If you have thoughts around these ideas, we invite you to join the discussion on GitHub.

Looking Further Out

Having three different container types adds additional overhead to Hack, but we feel if implemented properly Hack arrays and collections will eliminate almost all legitimate use cases of PHP arrays. We are committed to continuing our support for PHP arrays and collections in the language, but may evolve their role in the future. Here are some really high level ideas we are thinking about.

PHP arrays for PHP APIs

Hack arrays will replace PHP arrays as the suggested value-type container in Hack, but PHP arrays will still be useful when integrating with PHP code. For instance when creating an .hhi file for a PHP library that expects PHP arrays.

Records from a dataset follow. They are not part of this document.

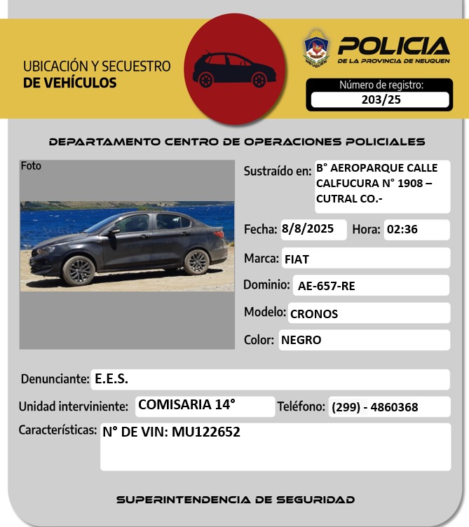 Robaron un vehículo Cronos y lo buscan en Cutral Co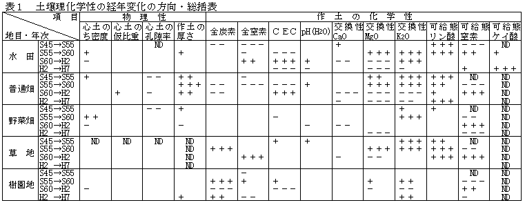 (1) 水 田:全炭素・全窒素・可給態窒素は一時期顕著に減少したが、その後全窒素・可給態窒素は増加している。カリ・苦土・リン酸は昭和60年まで著しく増加し、カリ・リン酸は依然蓄積傾向にあるが、苦土は逆に減少している。ケイ酸は近年顕著に増加し、また石灰は減少している。
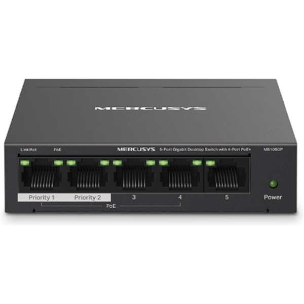 Switch mercusys ms105gp 5 puertos – 10 – 100 – 1000mbps – rj45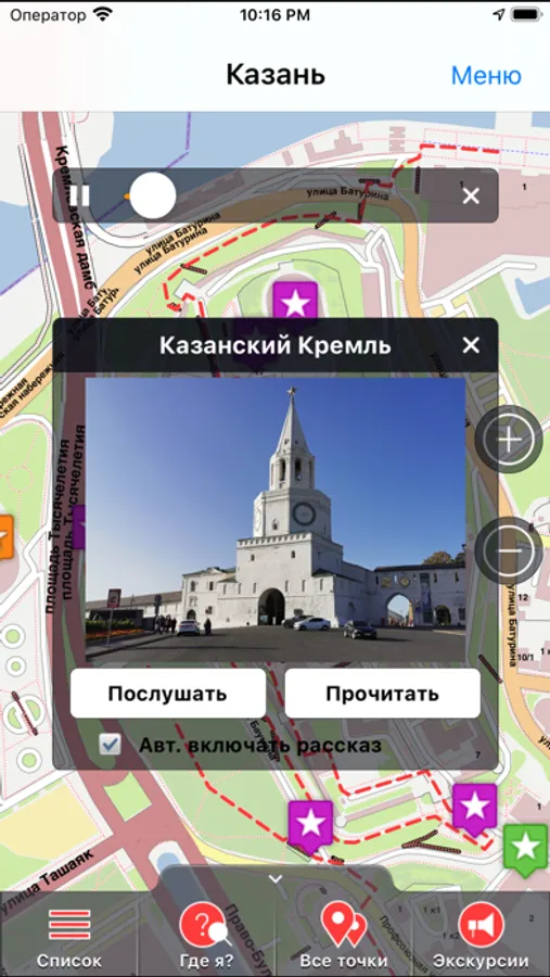 ● ЭКСКУРСИИ ПО КАЗАНИ. Воспользуйтесь предварительно составленными маршрутами прогулок, включив автоматический режим экскурсии. Подробнее о маршрутах на нашем сайте 1000guides.com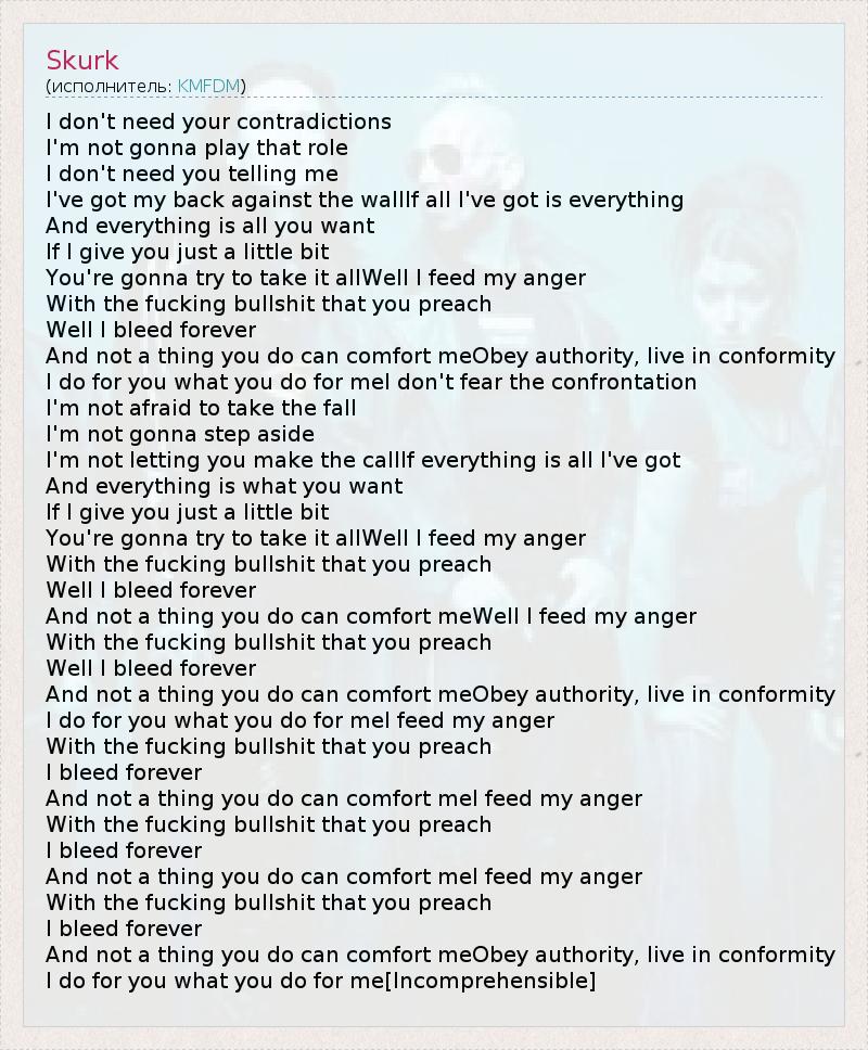 I don't need your contradictions I'm not gonna play that role I don't need you telling me I've got my back against the wallIf all I've got is everything And everything is all you want If I give you just a little bit You're gonna try to take it allWell I feed my anger With the fucking bullshit that you preach Well I bleed forever And not a thing you do can comfort meObey authority, live in conformity I do for you what you do for meI don't fear the confrontation I'm not afraid to take the fall I'm not gonna step aside I'm not letting you make the callIf everything is all I've got And everything is what you want If I give you just a little bit You're gonna try to take it allWell I feed my anger With the fucking bullshit that you preach Well I bleed forever And not a thing you do can comfort meWell I feed my anger With the fucking bullshit that you preach Well I bleed forever And not a thing you do can comfort meObey authority, live in conformity I do for you what you do for meI feed my anger With the fucking bullshit that you preach I bleed forever And not a thing you do can comfort meI feed my anger With the fucking bullshit that you preach I bleed forever And not a thing you do can comfort meI feed my anger With the fucking bullshit that you preach I bleed forever And not a thing you do can comfort meObey authority, live in conformity I do for you what you do for me[Incomprehensible]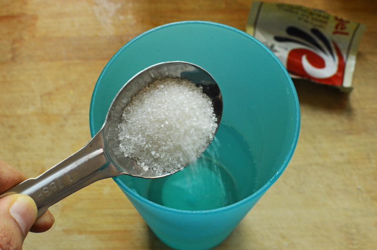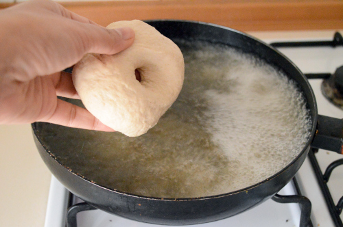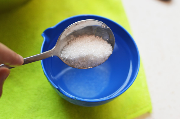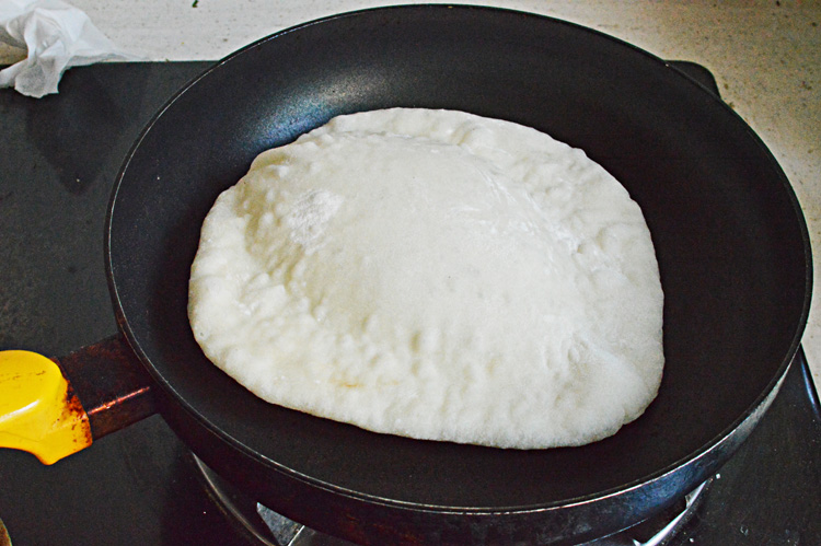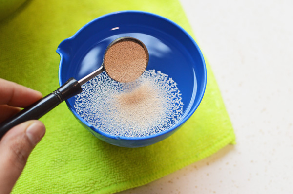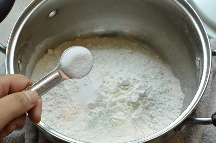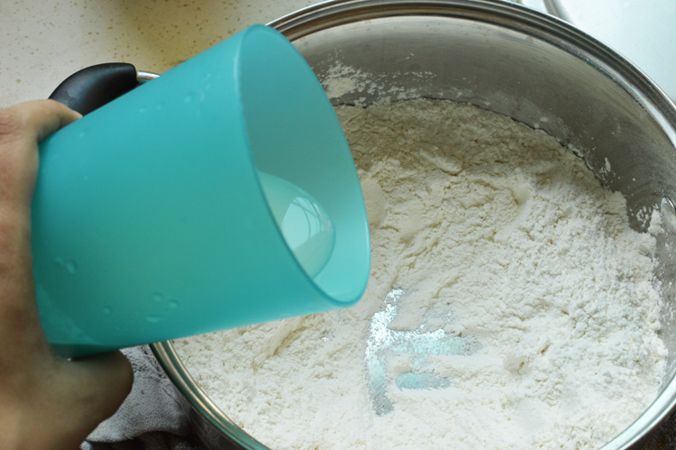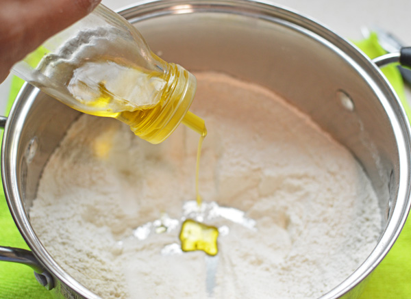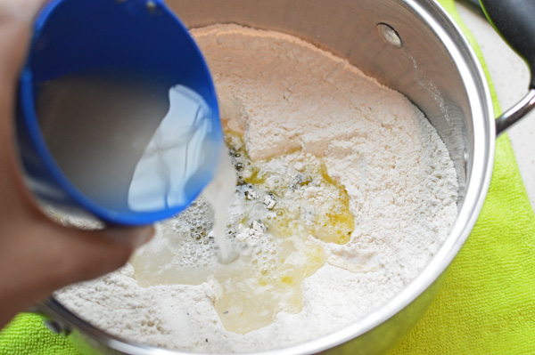 Begin by adding yeast into the water which is just warm to the touch and let it sit until it foams. You need good, fresh yeast for that or else the dough won’t rise.

In typical Hack code, PHP arrays should be avoided because of the surprising semantics they have at runtime. To discourage their usage we could change the type checker to be more conservative and report more potential errors with arrays. Some ideas include

  • Make indexing a PHP array produce a nullable type

  • Make storing a string key change the key type of a PHP array to arraykey

  • Make PHP and Hack arrays incompatible with one another

Move collections from the runtime to a library

Hack arrays will free up the Collections API from being an exact replacement for arrays. This would allow us to take greater advantage of the fact that these are objects instead of values. One idea is to move the implementation of Collections from a HHVM built-in to a library written in Hack. This would lower the barrier for adding new features/capabilities to Collections. For example supporting objects as keys for Map or Set, or creating specialized collections like IntMap that are optimized for storing integer keys.

Comments


  • Orvid: There are other ways to solve the problems you've presented here, and one is to introduce the concepts of immutable and const. I won't go into detail here, but if I knew which issue number to reply to, I could go into a bit more detail there.
  • Josh Watzman: Immutability has its own issues. IIRC the crux of it is whether it's transitive or not (all a class's members must also be immutable). That can be painful to program with, but is useful for a ton of compiler optimizations and assumptions. Feel free to respond to one of the github issues above, or just grab us on IRC, since I know you're there anyways :)
  • HHVM update for the week ending 2016-03-04 | Coding Aloud: […] DictArray: initial, runtime support, serialisation, literal syntax, converting from an array, runtime […]
  • HHVM update for the two months ending 2016-05-20 | Coding Aloud: […] continued work on the Hack array types (dict and vec so far, I’m guessing keyset will be along […]
  • Douglas: Hack suffers from quickly adding a bunch of rushed alternatives to the same problems and keeping all the old ones.